→ Task directions:
In the entries below, find the line with "Start Date, End" and the line with "Black T-Shirt with"; copy them and every line between them exactly, but not the pictures.

Start of Source information

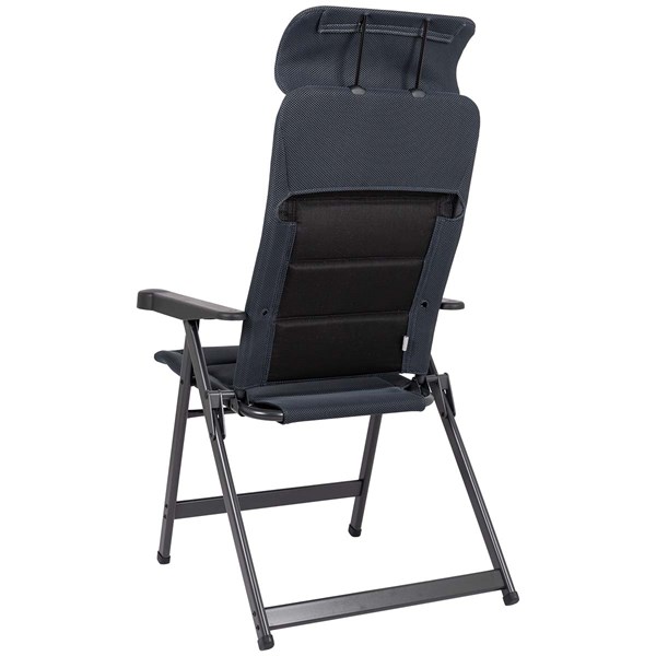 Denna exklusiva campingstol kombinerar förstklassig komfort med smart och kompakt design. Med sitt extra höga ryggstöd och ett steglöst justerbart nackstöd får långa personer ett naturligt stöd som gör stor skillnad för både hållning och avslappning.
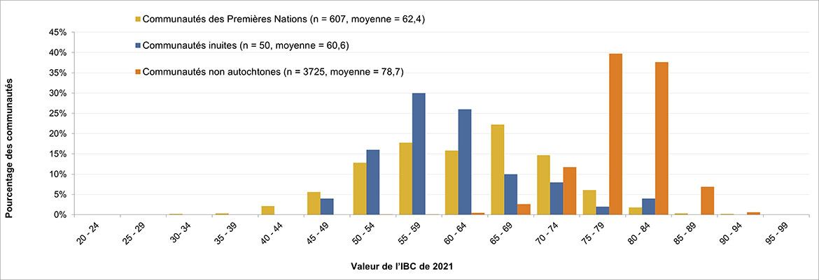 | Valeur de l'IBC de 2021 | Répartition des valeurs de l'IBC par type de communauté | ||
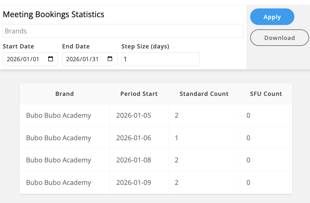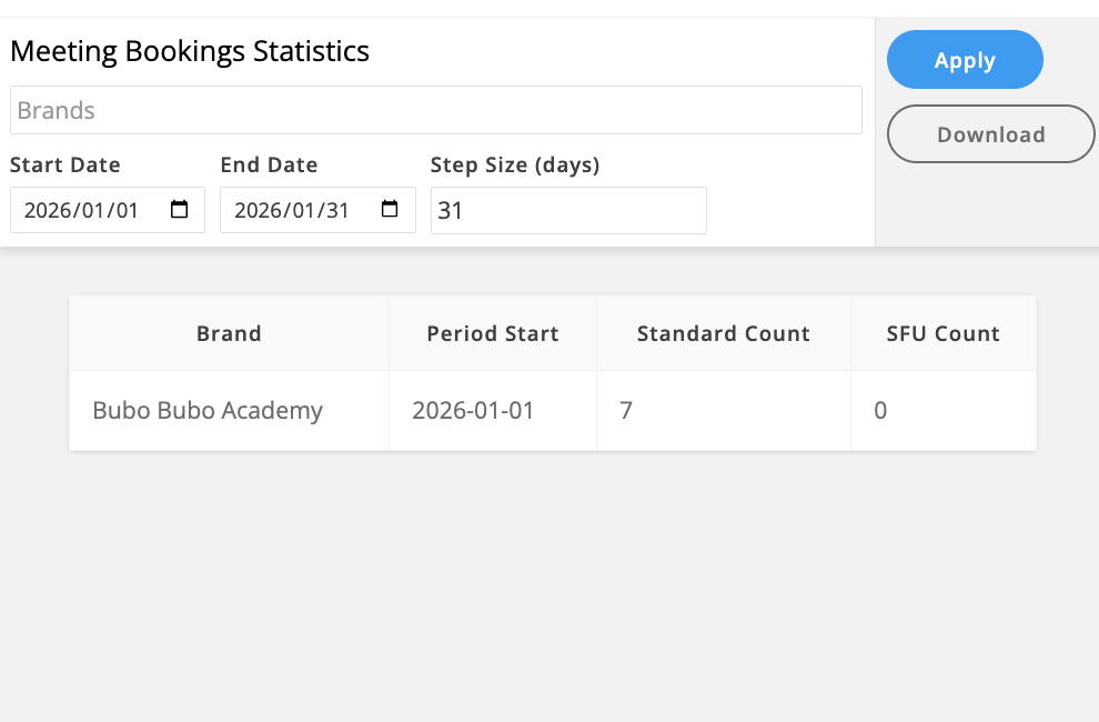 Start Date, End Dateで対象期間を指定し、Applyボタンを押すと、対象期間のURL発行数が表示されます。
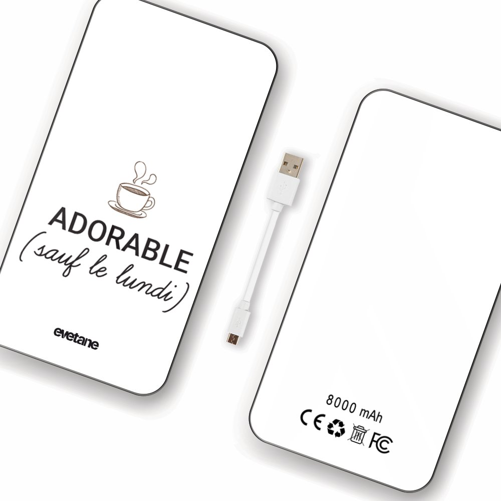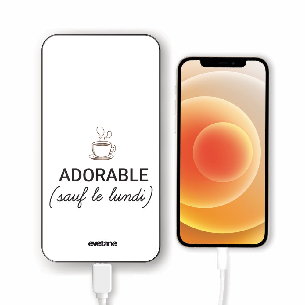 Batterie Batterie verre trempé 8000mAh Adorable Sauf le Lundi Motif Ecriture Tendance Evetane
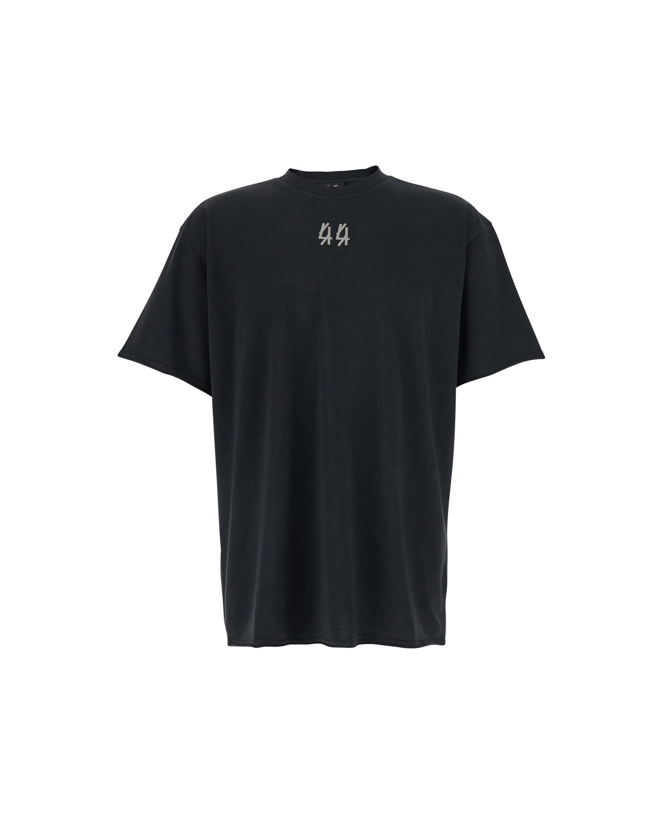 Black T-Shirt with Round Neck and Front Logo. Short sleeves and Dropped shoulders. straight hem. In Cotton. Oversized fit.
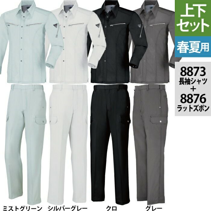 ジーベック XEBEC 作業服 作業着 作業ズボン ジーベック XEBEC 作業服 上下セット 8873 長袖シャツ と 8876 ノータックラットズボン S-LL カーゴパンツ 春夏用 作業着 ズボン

End of Source information

→ Task output:
 Start Date, End Dateで対象期間を指定し、Applyボタンを押すと、対象期間のURL発行数が表示されます。
 Batterie Batterie verre trempé 8000mAh Adorable Sauf le Lundi Motif Ecriture Tendance Evetane
 Black T-Shirt with Round Neck and Front Logo. Short sleeves and Dropped shoulders. straight hem. In Cotton. Oversized fit.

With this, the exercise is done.